Thursday, April 24, 2008

Bank of Canada lowered rates

Once again, as expected, the Bank of Canada reduced the overnight lending rate. This is good news for us in a variable rate mortgage as the rate went down another half a percent.

If you're in a variable and have been for the last year you've seen some great savings. If you've kept your payments at the original amount, the savings are even more drastic, in the long run, not up front. This will cut years off your mortgage.

No one knows how long it will take until the rate starts coming up, which is more than likely going to happen at some point in time. With fixed rates staying low, and potentially becoming lower, locking in in the near future will be a no brainer!

Take care

Monday, April 7, 2008

10 ways to pay your mortgage down quicker

Tip #1 Seek the advice of a financial advisor who works for a set fee. Finding an independent financial advisor who works on a set fee, to work with you on your specific financial goals, is the best way to ensure that you get the best and the most unbiased financial advice. Rather than talking to someone at your bank or lending institution, who makes money based on their recommendations to you, work with an independent advisor who has nothing to gain from your decisions that you make.

Tip #2 Opt for a closed term mortgage rather than an open one unless you will be paying it off in full during the term. An open mortgage at a fixed rate of interest will carry a higher interest rate than a closed term mortgage will. Unless you need to pay off your mortgage during the term, it is always advisable to go with the closed term and know that you can always pay off the mortgage when you are looking at renewing without penalty. And, while you are in the term you can generally pay up to 10-20% of the mortgage without a prepayment penalty.

Tip #3 Pay your mortgage each week, or every two weeks. One great strategy to pay off your mortgage in a shorter period of time is to opt to pay your mortgage each week, or even every other week. Both options lower your interest paid over the term of your loan and also result in the equivalent of an extra month’s mortgage payment each year. Paying your mortgage in this way will take your mortgage from 25 years down to 21.

Tip #4 When your income increases, you should increase your mortgage payments. Let’s say you get a 5% cost-of-living raise each year at your place of employment. If you live like you never got a raise, spending what you did before the raise, and you send that extra 5% of your income to your mortgage, then you will never miss the money and your mortgage balance will drop a lot faster. This is a very painless way of paying down your mortgage without feeling like you are sacrificing your way of life in any way.

Tip #5 Pay down your mortgage with your income tax refunds each year.
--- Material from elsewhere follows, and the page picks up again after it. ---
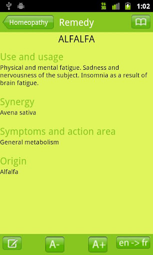 Homeopathy is an application of kind dictionary allowing to reference a set of practical and public information relative to homeopathy. It does not aim to cure you or to supply you a prescription but to enlarge your basic knowledge on the homeopathic medicine for the common diseases.

If you are in the position where you get an income tax refund each year, send that money directly off to your mortgage lender as an extra payment on the principle of your mortgage loan. You won’t miss the money in any way, and your mortgage will get a nice reduction which will save you a ton of interest over time.

Tip #6 Pay down your mortgage with windfall money which comes into your life. Just about everyone finds themselves with money they were not expecting at some point or another. Maybe you inherited some money from a distant relative or you got a nice holiday bonus at work? Take all of your extra windfall cash and send it, or a large portion of it, to your mortgage lender as a lump-sum payment towards your mortgage loan. Again, this is a way to whittle down your mortgage loan without feeling the pain of coming up with extra cash out of your month-to-month budget.

Tip #7 Maintain your payments even if you are able to renew your mortgage at a lower rate. When you renew your mortgage and find that you are able to get a lower rate (with the resulting lower payment) ignore the lower payment and continue to pay what you were paying before the new term took effect. All of the extra money paid will go towards the principle of your loan and once again you do not feel like you have to come up with extra money to make the extra principle payments with.

Tip #8 Round up you mortgage payments. Assume for a moment that your mortgage payment is $756 per month. You can very easily add extra principle payments on your mortgage by paying a more rounded number, such as $775 or $800 each month. Over time, by rounding up, the payments will lower your overall mortgage debt.

Tip #9 Squeeze extra money out of your budget or extra income. Most people have some money left over at the end of the month which is sitting in their checking accounts. Make a point to always squeeze out any available money and pay extra principle payments on your mortgage. Alternatively, if you have a second job or a way of earning extra income, use some of that money to pay down your mortgage.

Tip #10 Think about getting a variable rate mortgage. It has been shown that variable rate mortgages can save you money over time. If you can deal with the rate fluctuations, a variable rate mortgage is worth serious consideration.